Content starts

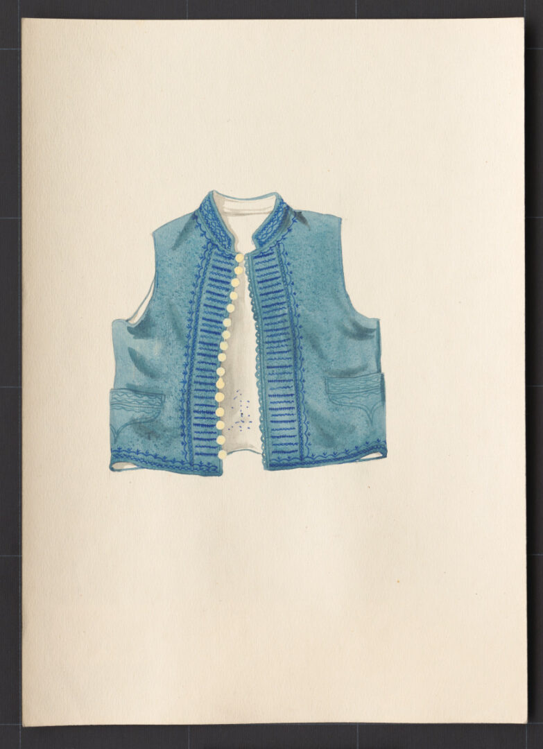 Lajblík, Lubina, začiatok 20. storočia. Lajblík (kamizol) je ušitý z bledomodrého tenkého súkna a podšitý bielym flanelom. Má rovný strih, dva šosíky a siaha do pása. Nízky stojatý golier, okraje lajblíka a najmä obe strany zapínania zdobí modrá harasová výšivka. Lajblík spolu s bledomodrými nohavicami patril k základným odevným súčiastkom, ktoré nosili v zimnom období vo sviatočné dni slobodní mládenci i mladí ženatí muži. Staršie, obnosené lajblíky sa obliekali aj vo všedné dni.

Content ends
Content starts

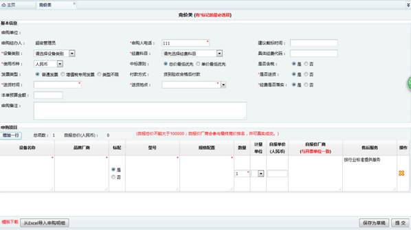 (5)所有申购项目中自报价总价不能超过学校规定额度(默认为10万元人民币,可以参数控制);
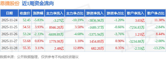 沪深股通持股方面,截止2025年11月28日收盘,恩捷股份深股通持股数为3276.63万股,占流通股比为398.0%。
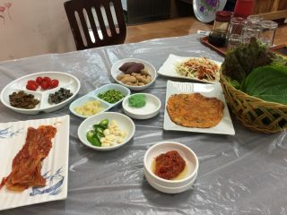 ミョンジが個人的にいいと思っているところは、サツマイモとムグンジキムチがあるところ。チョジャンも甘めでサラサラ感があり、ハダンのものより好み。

Content ends

* **EXERCISE DESCRIPTION**
From the data above, retype only the lines starting with the line with "沪深股通持股方面,截止202" and going on through the line with "ミョンジが個人的にいいと思っ", exactly, leaving out the pictures.

* **SOLVED PROBLEM**
 沪深股通持股方面,截止2025年11月28日收盘,恩捷股份深股通持股数为3276.63万股,占流通股比为398.0%。
 ミョンジが個人的にいいと思っているところは、サツマイモとムグンジキムチがあるところ。チョジャンも甘めでサラサラ感があり、ハダンのものより好み。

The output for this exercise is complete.